Create migration to schedule re-population of historical stats
What does this MR do?
This MR introduces a post-deployment migration to schedule re-population of the historical vulnerability statistics.
Related to #244380 (closed)
Database migration
Post-deployment migration
The following migration schedules the background jobs;
rake db:migrate:up
== 20201119092319 ScheduleRepopulateHistoricalVulnerabilityStatistics: migrating
== 20201119092319 ScheduleRepopulateHistoricalVulnerabilityStatistics: migrated (0.0622s)
rake db:migrate:down
== 20201119092319 ScheduleRepopulateHistoricalVulnerabilityStatistics: reverting
== 20201119092319 ScheduleRepopulateHistoricalVulnerabilityStatistics: reverted (0.0000s)
Query & timing analysis
Post-deployment migration
The post-deployment migration will schedule background jobs for all the projects which have vulnerabilities by using the following query;
SELECT
"project_settings"."project_id"
FROM
"project_settings"
WHERE (has_vulnerabilities IS TRUE)
AND "project_settings"."project_id" >= 1
ORDER BY
"project_settings"."project_id" ASC
LIMIT $1 OFFSET $2
Which has the following query & execution plan(https://explain.depesz.com/s/4rzh);
Limit (cost=0.31..1.64 rows=50 width=4) (actual time=0.240..3.403 rows=50 loops=1)

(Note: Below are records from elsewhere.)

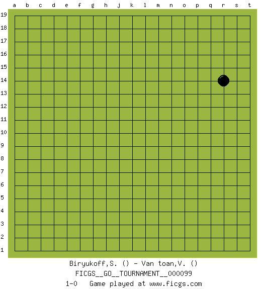 Last move : 1-0 2022 April 22 19:42:32 [Event "FICGS__GO__TOURNAMENT__000099"] [Site "FICGS"] [Date "2022.03.23"] [Round "1"] [Black "Biryukoff,Sergey"] [White "Van toan,Van toan"] [Result "1-0"] 1.r14 1-0 This go game has been lost on time (started : 2022.03.23 7:39:57) Here are the names of the openings (joseki) played in the four corners : Player Black won this Go (weiqi, baduk) game. Follow this game move after move (download)A few moments to learn, a lifetime to master. (Ancient proverb) It's only after you lost everything, Tyler says, that you're free to do anything. (Chuck Palahniuk, Fight Club)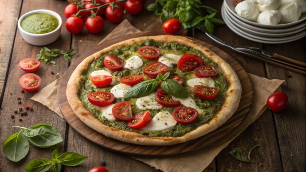 Пицца с соусом песто, помидорами и моцареллой — это изысканное блюдо, которое сочетает в себе свежесть томатов, ароматный соус песто и нежный сыр моцарелла. Это популярное итальянское лакомство не только радует глаз, но и порадует ваше вкусовое восприятие. Легкость и простота в приготовлении делают эту пиццу отличным выбором для семейного ужина или дружеской вечеринки. 1. Разогрейте духовку до 220°C.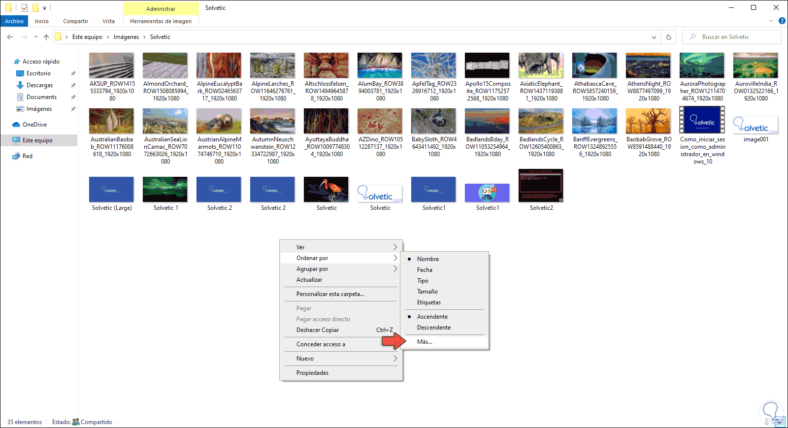 Para realizar este proceso damos clic derecho en algún lugar libre de la carpeta donde están las imágenes y allí seleccionamos la opción “Ordenar por” y luego elegimos “Más”: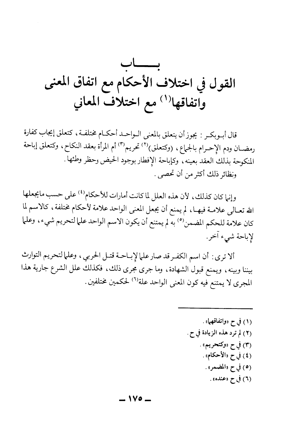 قَالَ أَبُو بَكْرٍ: يَجُوزُ أَنْ يَتَعَلَّقَ بِالْمَعْنَى الْوَاحِدِ أَحْكَامٌ مُخْتَلِفَةٌ، كَتَعَلُّقِ إيجَابِ كَفَّارَةِ رَمَضَانَ وَدَمِ الْإِحْرَامِ بِالْجِمَاعِ، (وَكَتَعَلُّقِ) تَحْرِيمِ أُمِّ الْمَرْأَةِ بِعَقْدِ النِّكَاحِ، وَكَتَعَلُّقِ إبَاحَةِ الْمَنْكُوحَةِ بِذَلِكَ الْعَقْدِ بِعَيْنِهِ، وَكَإِبَاحَةِ الْإِفْطَارِ بِوُجُودِ الْحَيْضِ وَحَظْرِ وَطْئِهَا.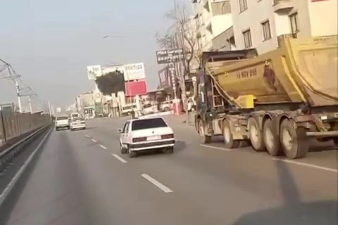 Dakikalarca makas atarak ilerleyen kamyon adeta kazaya davetiye çıkardı. Tehlikeli anlar, saniye saniye amatör kamera ile kaydedildi.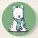 Sandstone coaster featuring west highland white terrier dog breed art by children's book Illustrator, Kim Niles.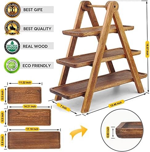- [WHAT YOU GET]- We packed serving plates in warm gift box, a thoughtful present and must have for any host, the wooden trays is not only perfect size and thickness but also lightweight to easy move around with food, Package: 1 pcs 16.6 inch high collapsible ladder, the distance of each tier serving tray is 4 inch high, 1 pcs 17.2 x 5.5 inch wooden plate, 1 pcs 14.2 x 5.5 inch wooden tray, 1 pcs 11.2 x 5.5 wooden serving board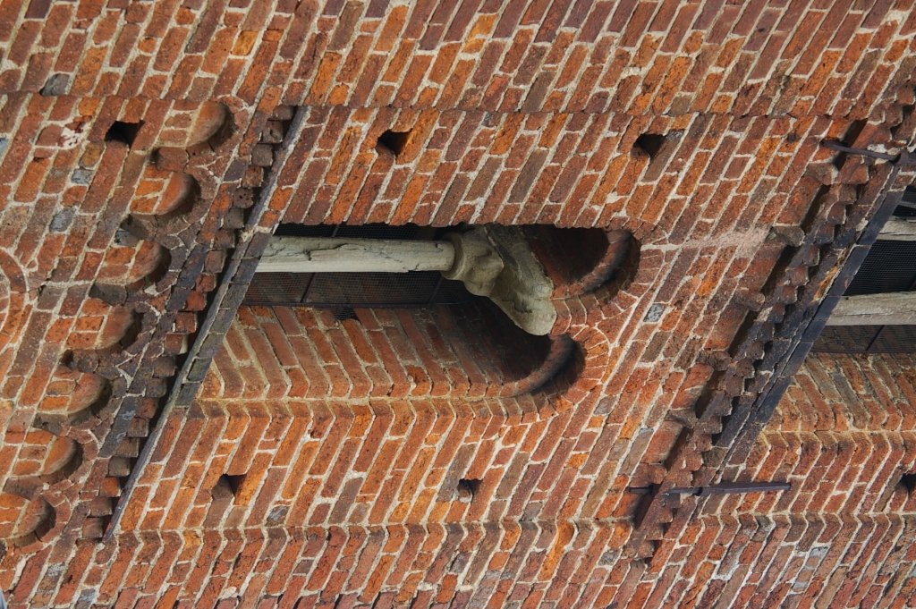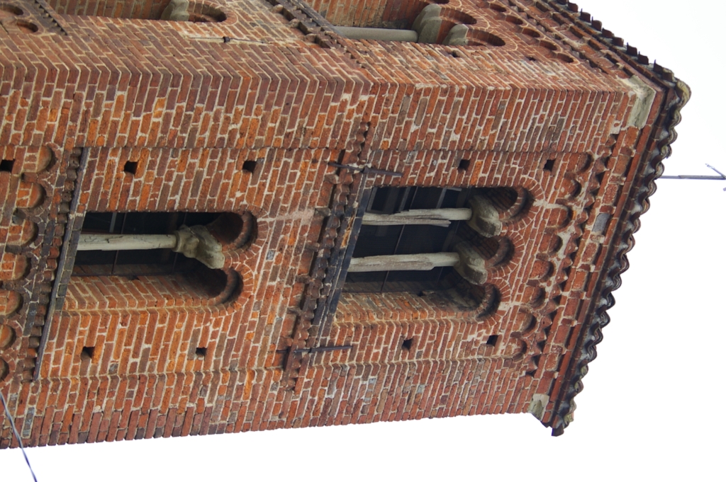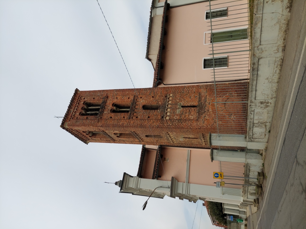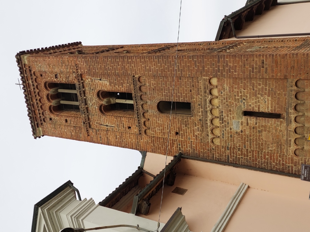 Campanile: romanico del '200 in laterizi a cinque piani aperto da monofore, bifore e trifore; ornato da archetti pensili. |

Buffers: shared hit=4 read=6 dirtied=2
I/O Timings: read=3.336
-> Index Only Scan using index_project_settings_on_project_id_partially on public.project_settings (cost=0.29..39.88 rows=1491 width=4) (actual time=0.228..3.394 rows=51 loops=1)
Index Cond: (project_settings.project_id >= 1)
Heap Fetches: 2
Buffers: shared hit=4 read=6 dirtied=2
I/O Timings: read=3.336
As of writing this, there are 10590 projects to be migrated which makes it around ~212 iterations to be run. Each iteration should take around 30ms(25ms query time + 5ms scheduling time) which makes it a total of ~7s.
Background jobs
As already mentioned in the above section, there will be around ~212 background jobs each of which will populate the historical vulnerability statistics for 50 projects for the past 365 days. The background job has already been implemented before and used twice in the past(!40766 (merged)). Therefore the timing analysis will be based on the previous ones.
In total, we will have ~212 jobs to be executed with 5 minutes of delay between each which makes it in total ~18h until all the jobs get finished.
The delay of 5 minutes between each job is chosen based on the following estimations;
- Fetching the statistics for a single project
The query to fetch the statistics for a single project for the 10 days window is as following;
SELECT DATE(calendar.entry) AS day,
severity,
COUNT(*)
FROM generate_series(
DATE '2020-07-20',
DATE '2020-07-29',
INTERVAL '1 day'
) as calendar(entry)
INNER JOIN vulnerabilities ON vulnerabilities.created_at <= calendar.entry
WHERE "vulnerabilities"."project_id" = 278964
AND (
(
vulnerabilities.dismissed_at IS NULL
OR vulnerabilities.dismissed_at > calendar.entry
)
AND (
vulnerabilities.resolved_at IS NULL
OR vulnerabilities.resolved_at > calendar.entry
)
)
GROUP BY "day",
"severity";
https://explain.dalibo.com/plan/FLW (~55ms)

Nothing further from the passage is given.